Xray XB2 Carpet Edition Instruction Manual
http://www.teamxray.com/xb2/2016/dow...ual_v2_low.pdf

Xray XB2 Dirt Edition Instruction Manual
http://www.teamxray.com/xb2/2016/dow...w.pdf?update=2

BentKa: Carpet Edition 4 gear to 3 gear laydown conversion parts:
  • Gearbox #323014
  • Motorplate #324012
  • 36T idler gear #324236
  • Brace for waterfall #324031


Socket: Bodies Available:

Xray has two OEM bodies, the .75mm and the .50mm light weight:
light weight: https://www.amainhobbies.com/xray-xb...329701/p492942

OEM .75mm: https://www.amainhobbies.com/xray-0....329700/p477762

Also, I've fitted the yz2 body, both the light and regular fit fine, just make your own cut lines:
https://www.amainhobbies.com/yokomo-...z2-101/p417674


[i] J Concepts S2 Body [i]


Penguin Racing makes a high grip body that fits the DE and CE:
http://www.ebay.com/itm/X-Ray-Xb2-Hi...oAAOSw1S9WewHV



Socket: Wheel fitment:

According to some, you'll require different offset rear hexes to use B5M wheels. According to my Hudy setup board, B5M wheels are the same offset. I measured the overall width of the car with XB2 wheels, and then again with B5M wheels, same measurement.
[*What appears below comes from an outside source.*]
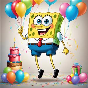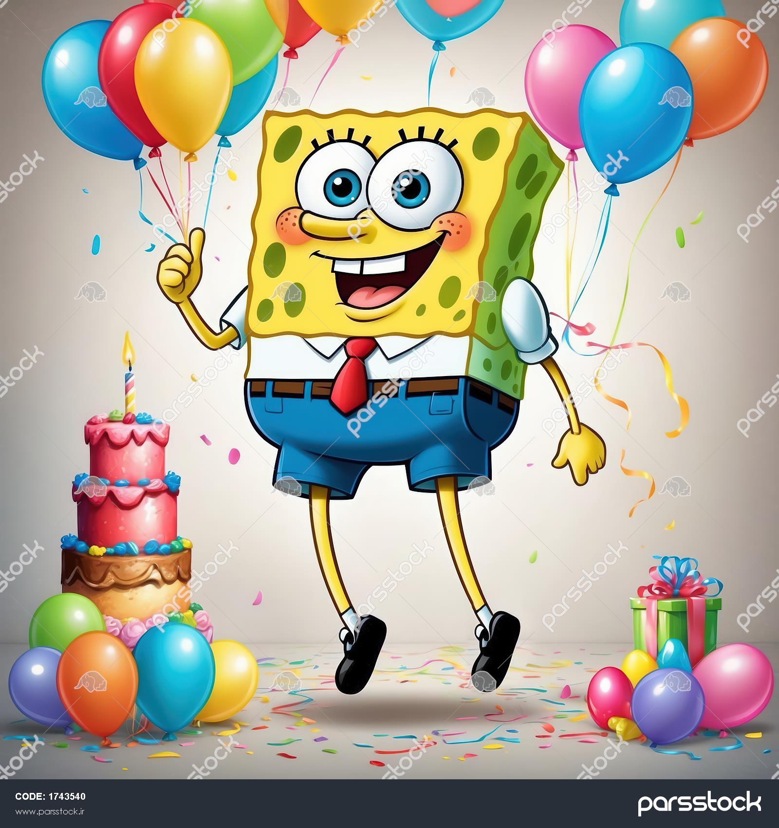 جشن تولد باب اسفنجی، بادکنک‌ها و کیک سه طبقه، تصویر با رزولوشن بالا برای چاپ پوستر

On the front, B5M wheels were 1.5mm wider. Xray offers hexes to reduce width -.75 on each side, or you could spend 3-5 minutes and sand your OEM hexes down .75mm.

edit by dgrobe2112
here are the hubs for losi and AE

for AE Front 365354 -0.75
for Losi rear 365358 +3.00 (4 stripe)
for AE rear 365359 +3.75 (5 stripe) or add 1.5mm carbon avid spacers



Socket: Flex and the XB2:

Flex screws are as follows:

Plastic bulkhead between motor and waterfall. Can remove screw in chassis, or remove bulkhead altogether.

Waterfall has 4 screws, can remove the inner two or outer two. IIRC, removing the inner two provides more flex, and thus more bite.

Removing the battery brace. This gives a tremendous amount of flex on the middle of the car, and can sometimes be inconsistent. I do this for outdoor racing on low bite. I like the feel over the 4 gear in 17.5 racing, since the 4 gear will take some snap away off the corner.

Rear C block - has inner and outer screws. I haven't played with this, as it's a crucial pivot point of the car.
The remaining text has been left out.